A better indicator of short-run improvements in health is the infant mortality rate. Data collected by the Central Intelligence Agency and aggregated onIndex Mundi show significant declines in Venezuela between 2003 and 2012 – but even faster declines in Brazil, Mexico and Peru.
The same database helps explain why Venezuela’s exchange of subsidized oil for Cuban health care may deliver important future benefits. Infant mortality in Cuba, slightly higher than that in the United States in 2003, has now fallen below the United States average.
Mr. Chávez’s track record in increasing school enrollments does stand out among comparable countries. A detailed World Bank database shows that between 2003 and 2011 Venezuela narrowed the gap in gross school enrollments (number of students enrolled compared with those eligible for enrollment) between it and Brazil, Mexico and Peru (the percentage of primary school enrollments held even).

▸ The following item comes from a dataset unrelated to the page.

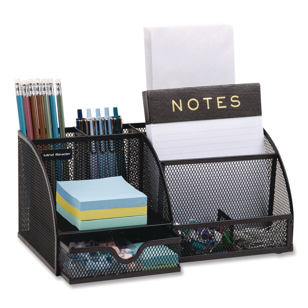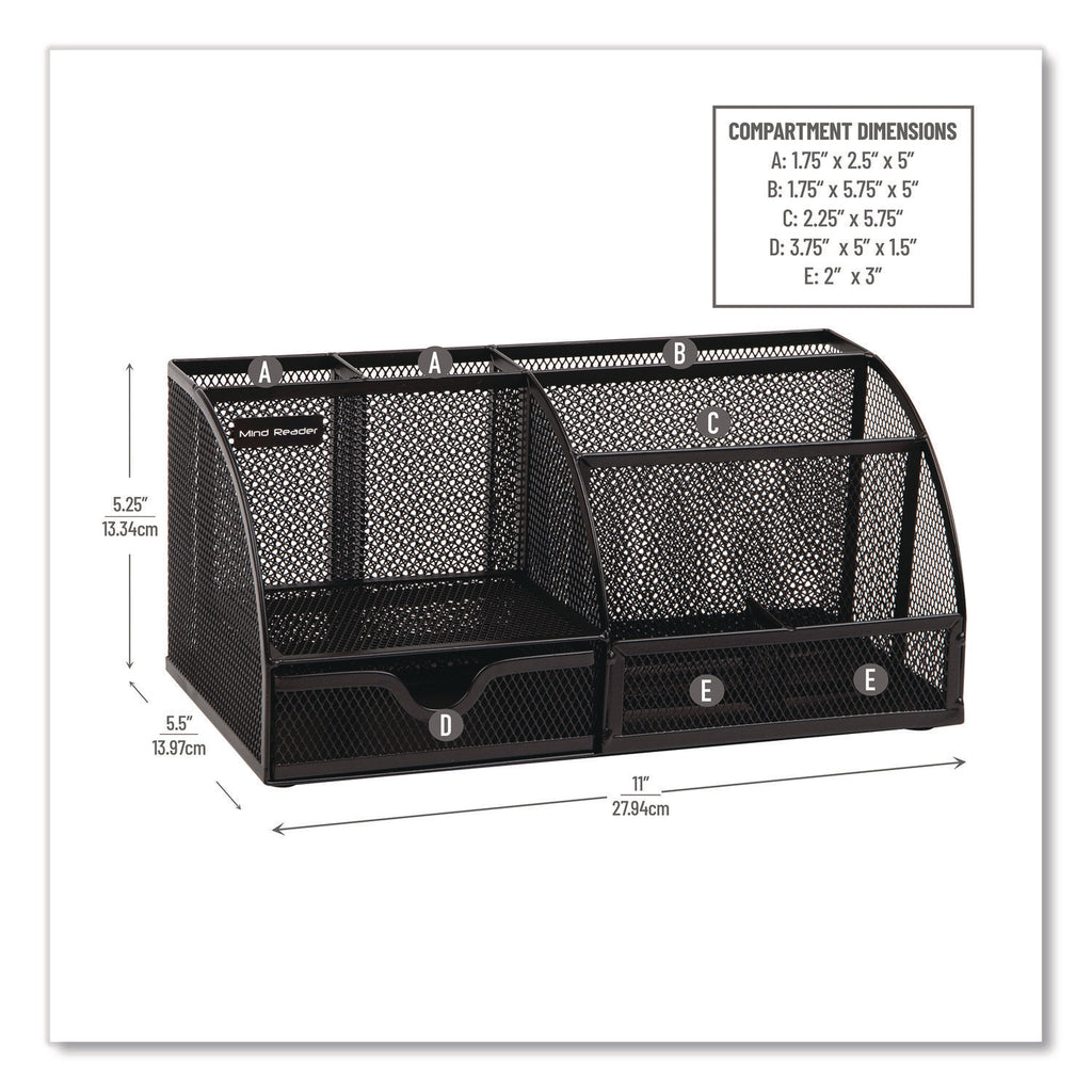 Mind Reader 7-Compartment Metal Desk Organizer, 11 x 5.5 x 5, Black Metal Mesh (EMSJOEORGBLK) Each

Even more striking are the effects of one particular hallmark of Chavismo: the expansion of free public higher education. Tertiary enrollments increased to about 80 percent in 2009 (the latest year for which data are available) from 40 percent in 2003, far higher levels than those of Brazil, Mexico or Peru.
We will never know what path Venezuela would have followed if Mr. Chávez had not repeatedly been elected president there. But we should recognize that much of the public spending he financed with oil revenues represents investment in the human capabilities of Venezuelans themselves.
They are the ones who will determine the ultimate meaning of Chavismo.